Eric extracts a photo from his wallet and slides it across to Anne.
‘Wow! That’s a smile to die for. And she’s a …’ she asks, passing the photo to Joe.
‘A logistics engineer. And a damn good one, like I said.’
Joe’s eyebrows lift, and he can’t supress a slow headshake.
‘I’ll make the joke for you, prick,’ Eric says. ‘She’s out of my league. And don’t I know it. But …’
They wait.
He takes the photo back. Has another mouthful of lamb. Playing for time, searching for words.
‘I’m in heaven, right. Bliss and contentment await, and fuck you Lil. When I got the call from IV about this trip, we started trying to compute the details about what I should be sussing out while I’m here. Visa forms for Ruvini. Does Oz recognise a Sri Lankan marriage? Does she get automatic entry? All that sort of stuff that I haven’t got a clue about. We were getting so excited.
‘Then at the airport. The last thing she said to me. “You take care of yourself, Mr Eric”—that’s what we call each other, Mr Eric and Ms Ruvini, not too imaginative as pet names go I know, but it makes us laugh—“You take ca
re of yourself, Mr Eric, you’re my ticket out of this place.”
‘It was a joke! I know it. The way she said it. She was smiling—just like in that photo. And a goodbye kiss that’s still giving me goosebumps.
‘But on the plane, all the way here, it just got stuck in my head, like an earworm. “My ticket out”.’

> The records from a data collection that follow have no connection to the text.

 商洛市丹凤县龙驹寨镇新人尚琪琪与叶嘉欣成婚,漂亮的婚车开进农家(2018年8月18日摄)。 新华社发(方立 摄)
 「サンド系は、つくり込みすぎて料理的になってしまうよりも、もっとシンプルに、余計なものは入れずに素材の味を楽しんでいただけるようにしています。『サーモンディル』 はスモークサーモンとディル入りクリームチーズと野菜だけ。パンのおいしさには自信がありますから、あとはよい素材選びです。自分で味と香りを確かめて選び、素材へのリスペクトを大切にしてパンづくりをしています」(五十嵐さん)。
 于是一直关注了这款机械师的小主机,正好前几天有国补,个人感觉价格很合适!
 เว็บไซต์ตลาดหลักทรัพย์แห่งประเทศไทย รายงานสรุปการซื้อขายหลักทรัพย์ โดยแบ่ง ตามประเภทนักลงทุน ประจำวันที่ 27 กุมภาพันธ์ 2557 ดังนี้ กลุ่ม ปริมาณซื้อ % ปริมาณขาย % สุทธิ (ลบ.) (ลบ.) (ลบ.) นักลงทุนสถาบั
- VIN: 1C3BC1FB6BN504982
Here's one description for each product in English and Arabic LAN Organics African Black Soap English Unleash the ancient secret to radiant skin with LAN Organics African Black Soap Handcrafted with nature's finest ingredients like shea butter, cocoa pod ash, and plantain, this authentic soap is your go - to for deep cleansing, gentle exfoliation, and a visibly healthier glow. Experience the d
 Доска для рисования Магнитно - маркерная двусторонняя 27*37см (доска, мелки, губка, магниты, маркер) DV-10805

He shudders. Down to his core.
‘She hates the government there. She’s a Tamil see. And it just messes up her life. It’s why she’s working about three levels below her competency, and in aid not construction. What if she is just after the ticket out? What if I’m just the gullible patsy?

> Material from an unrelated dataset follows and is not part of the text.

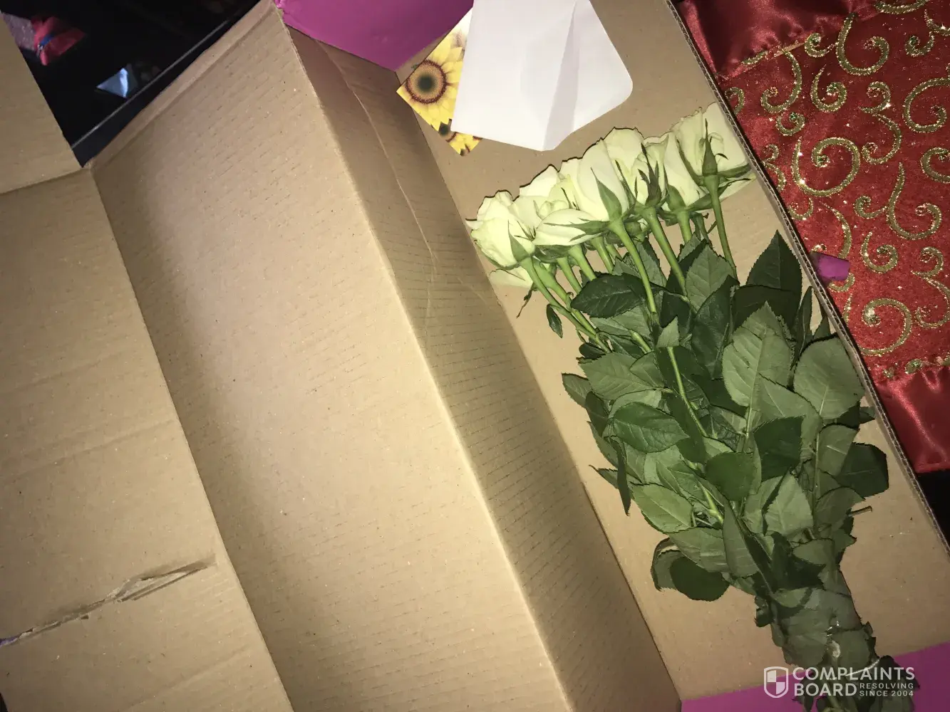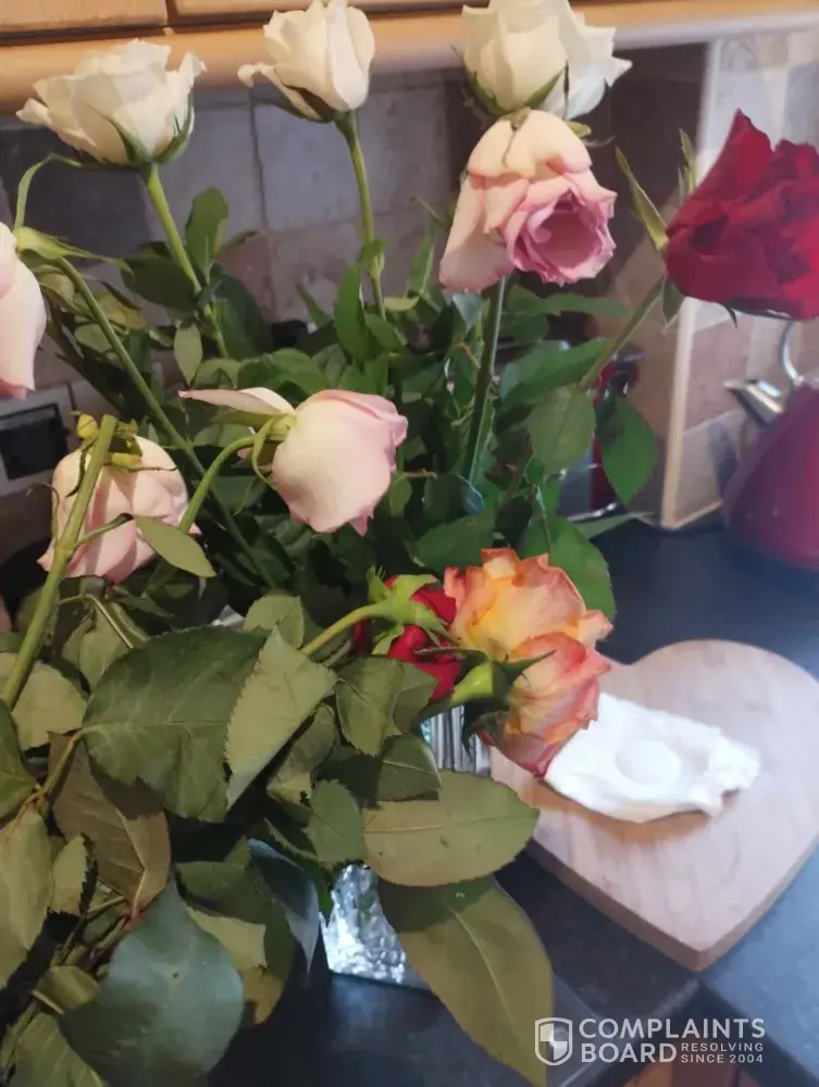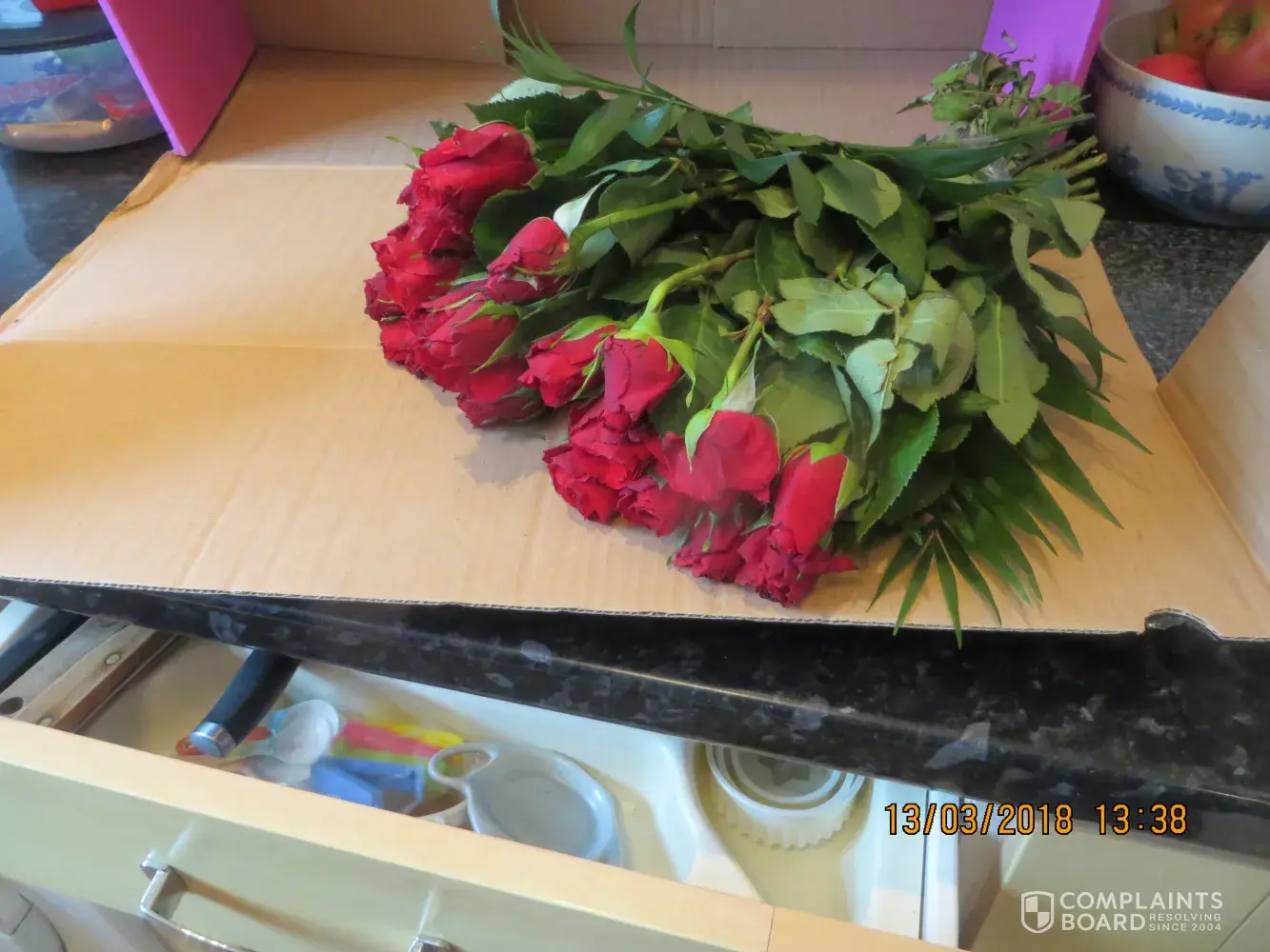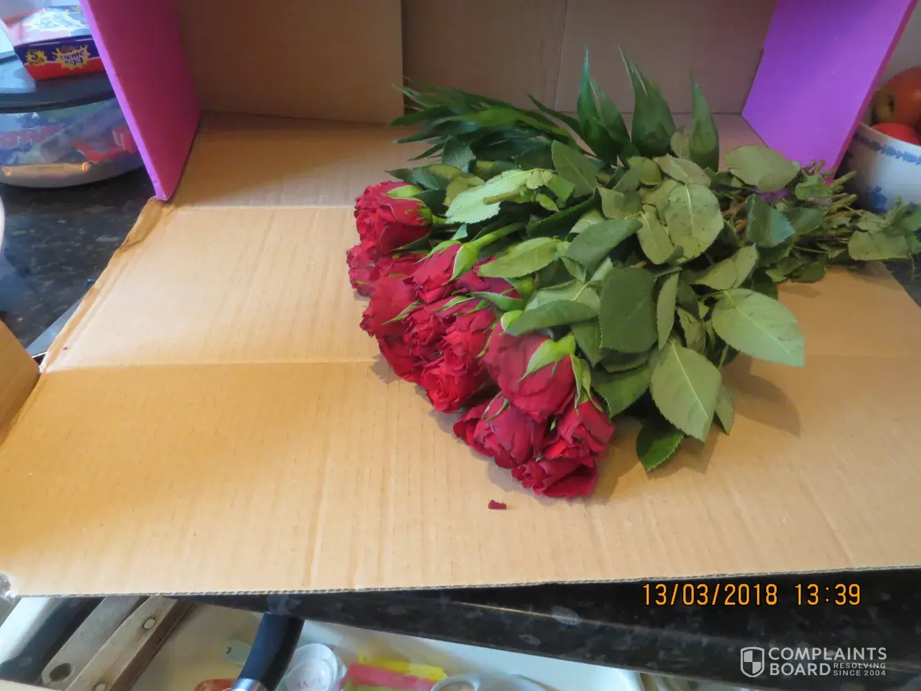 Flowers were ordered for delivery on saturday - one day before mothers day, a tiny bunch of dead roses arrived on tuesday in a big box. My mum is gutted as I am.

‘She’s not like that. I swear. But the damn earworm won’t go away.’
Anne reaches across to place a hand on his forearm. ‘Me and my big mouth hey. I’m truly sorry.’
He summons a smile for her. Spears a golden spud, but drops his fork back to his plate without eating it. ‘It’s doing my head in. Big-time.
‘I’m terrified of saying the wrong thing. You guys know how hopeless I am at this sort of stuff. But I don’t feel like I can just ignore it. That’s what I want to do, because I know it’s rubbish. But this is the rest of my life. It’s too big to leave any loose ends or nagging doubts. I’m going to have to find a way to talk to her without fucking the whole thing up.’
He throws a quick glance at them, then stares at his plate for a few moments, before closing the subject by declaring, ‘This tucker’s too good to let it get cold.’
Eric’s Ruvini dilemma is left hanging, but all three of them are intensely relieved to have got through the field of eggshells, and to finish off the night with three-handed cribbage and their familiar bonhomie and repartee, even if Eric finds it an effort.
FINAL EXIT
The relief does not last for Joe. As soon as he lies down he is fretting about the weekend to come. It has been coming for what seems like forever, but he is still at a complete loss as to how to handle ‘the conversation’ with Anne. Two trips down to the drinks cupboard, padding as quietly as he can past Eric’s bedroom door, and hours of tossing and turning, bring him no closer. Again and again he finds himself returning to the book.